8 months ago · 45 likes · 19 comments · Zvi Mowshowitz

In my view, the cost efficiency of DeepSeek-V3 stems from the following techniques:

Highly sparse MoE Architecture: Although the model has 671 billion parameters, only 37 billion are active during inference (about 5.5% of the model’s capacity). This sparsity reduces computational costs but also complicates training. Training MoE models involves dynamically routing inputs to specific experts, which can lead to challenges like load imbalance (some experts being overused) or instability in gating.
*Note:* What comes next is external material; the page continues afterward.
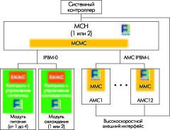 Каждый мезонинный модуль AMC содержит контроллер управления MMC (Module Management Controller) (рис.3). Он выполняет контроль основных параметров аппаратуры модуля: напряжения питания, токов потребления модуля AMC в целом и его отдельных функциональных блоков, температуры микросхем и ряда других.
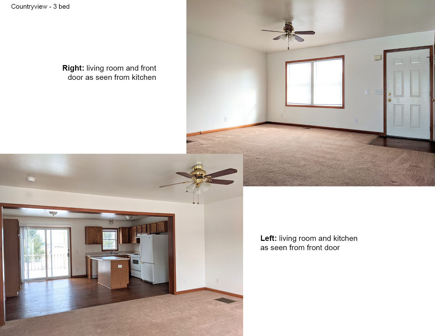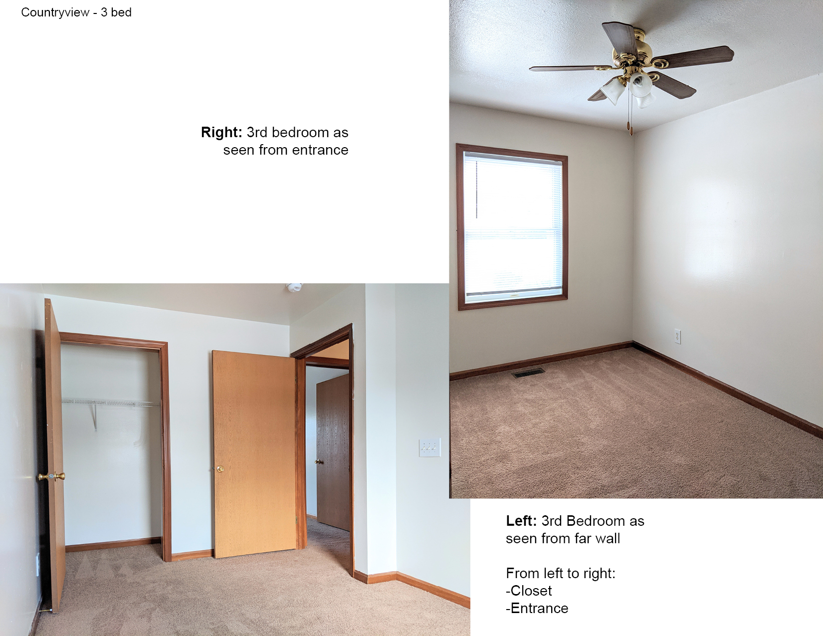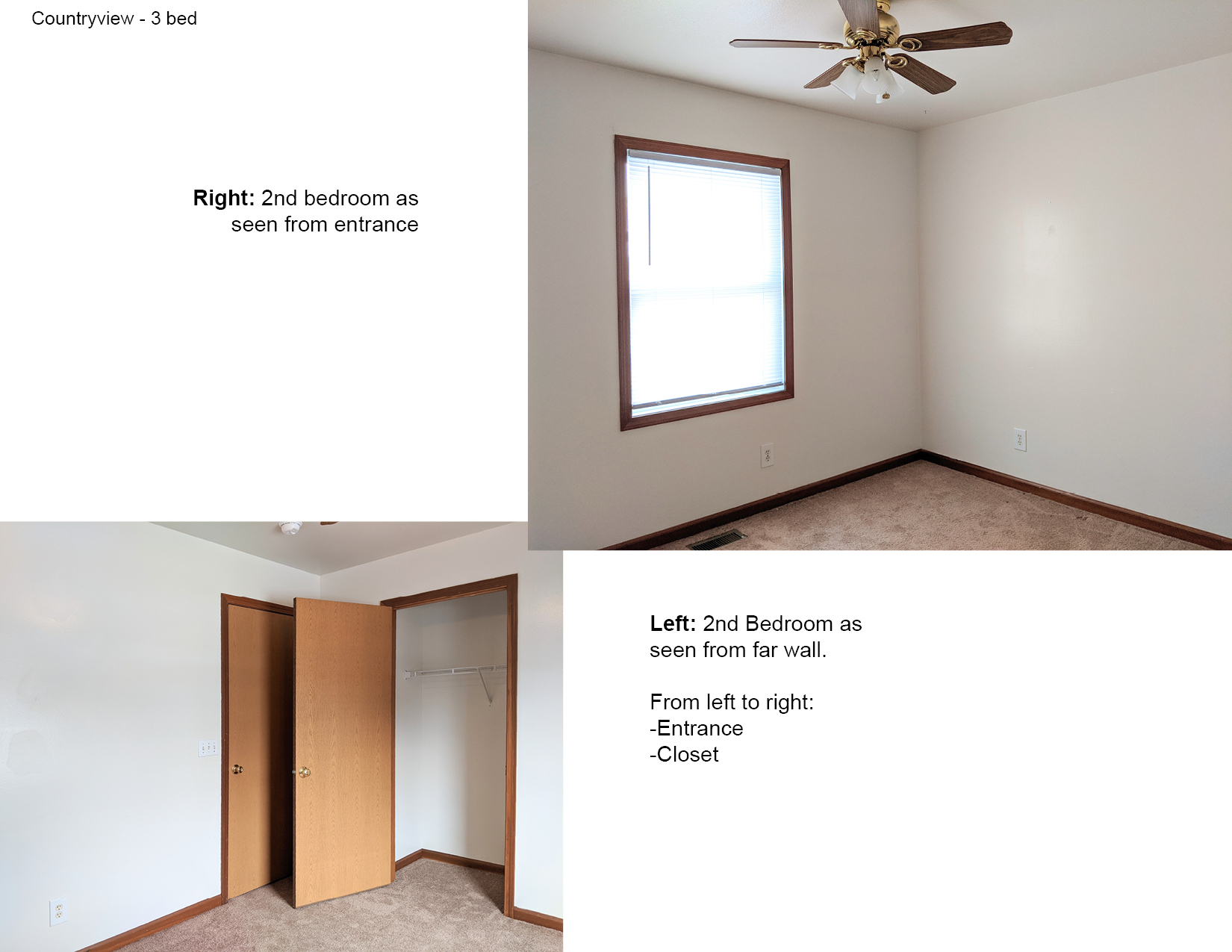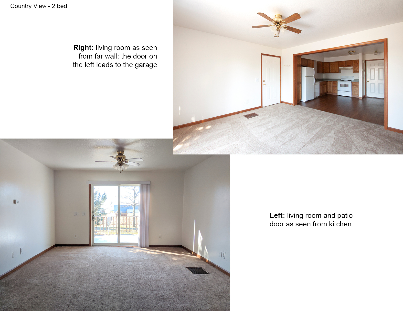 Countryview is a neighborhood located three miles north of Wauseon on SR 108, then 1/4 mile west on CR K. It consists of four duplexes built in 2000-2001. Each unit has their own 1/2 acre yard, driveway, attached 1 1/2 car garage, central air conditioning and heat, washer/dryer hookups, a range, a refrigerator, a dishwasher, a disposal, and a deck from the rear patio door. Pets are allowed; however, please check the restrictions and additional fee listed in the pet addendum. Well water and refuse are included in the rent. Check the table below for prices and features at Countryview.

Multi-Head Latent Attention (MLA): MLA is an architectural technique first introduced in the paper of DeepSeek-V2. It optimizes memory efficiency in inference by “compressing the Key-Value (KV) cache into a latent vector” while maintaining performance. MLA reportedly can reduce memory usage to 5%-13% of the Multi-Head Attention (MHA) architecture. While MLA is less common than Grouped Query Attention (GQA) – widely used in models like LLaMA-2 and Mistral7B – it could receive more interests along with DeepSeek’s growing influence.
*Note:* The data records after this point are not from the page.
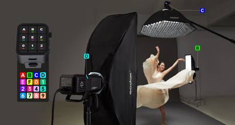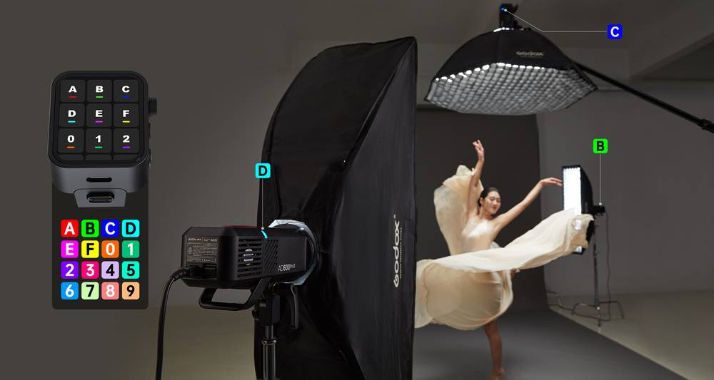 The AD600Pro II is part of Godox's 2.4 GHz wireless X system with a range of 328', featuring 16 groups and 32 channels that facilitate the use of multiple lights. Use the optional X3 trigger or the XPro II and X2 triggers to wirelessly control the flash head. The brand presents what they call "RGB Colour Identification", meaning that each of the 16 groups will display a different colour locally on the flash head for easy group identification even from a distance.
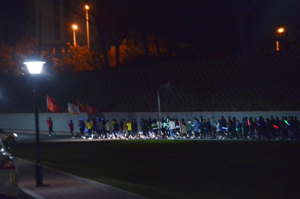 经过两天的宣传准备,公益酷跑活动正式拉开帷幕,每个参赛人员排队签到,领取自己的专属号码牌,在主持人的一声令下,他们整齐有序,身上点缀着炫丽的荧光,浩浩荡荡的向着前方跑去,最前方领跑的工作人员,举着太阳成tyc7111cc院旗,扬帆、青尘、跑步爱好者协会队旗紧随其后,象征着一个富有爱心,拥有强健体魄,向着一个共同的目标大踏步地迈进。
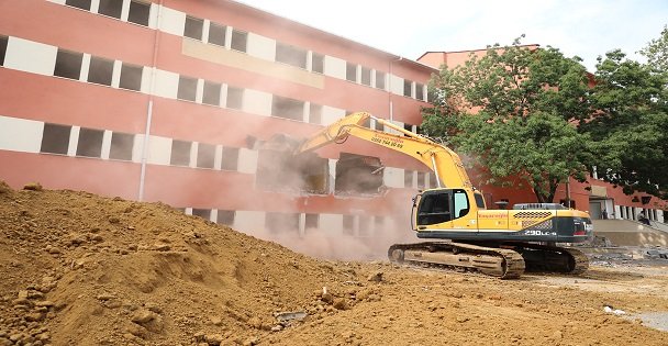 Çayırova Belediye Başkanı Şevki Demirci, Kent Meydanı projesi için başlayan çalışmaları yerinde incelemek üzere geldiği proje alanında iş makinesinin başına geçerek, Fevzi Çakmak Anadolu Lisesi’nin yıkımına başladı.

FP8 Mixed-Precision Training: LLM training typically uses FP32 full-precision or FP16/BF16 mixed-precision, but a 2023 Microsoft paper proposed FP8 for LLM training, reducing memory usage by 39% and running 75% faster than BF16. The DeepSeek-V3 paper reported similar results, with FP8 theoretically doubling the computational speed compared with BF16.
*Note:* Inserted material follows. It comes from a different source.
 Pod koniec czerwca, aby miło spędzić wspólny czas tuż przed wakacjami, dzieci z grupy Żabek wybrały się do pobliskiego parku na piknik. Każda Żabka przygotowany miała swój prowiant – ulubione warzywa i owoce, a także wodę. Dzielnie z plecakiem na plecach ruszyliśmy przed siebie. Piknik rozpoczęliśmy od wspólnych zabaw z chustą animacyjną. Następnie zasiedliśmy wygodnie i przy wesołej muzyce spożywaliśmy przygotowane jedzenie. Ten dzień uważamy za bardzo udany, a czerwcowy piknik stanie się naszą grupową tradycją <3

Auxiliary-Loss-Free Load Balancing: This technique ensures computational loads are evenly distributed among experts without compromising performance. It is also elaborated in an ICLR 2025 submission paper if you want to know more details.

Other methods include Multi-Token Prediction (MTP) training – first proposed by Meta in 2024 – which densifies training signals and enhances data efficiency. DeepSeek also used their DeepSeek-R1 reasoning model for synthetic fine-tuning data. Training was remarkably smooth, with no rollbacks or outages.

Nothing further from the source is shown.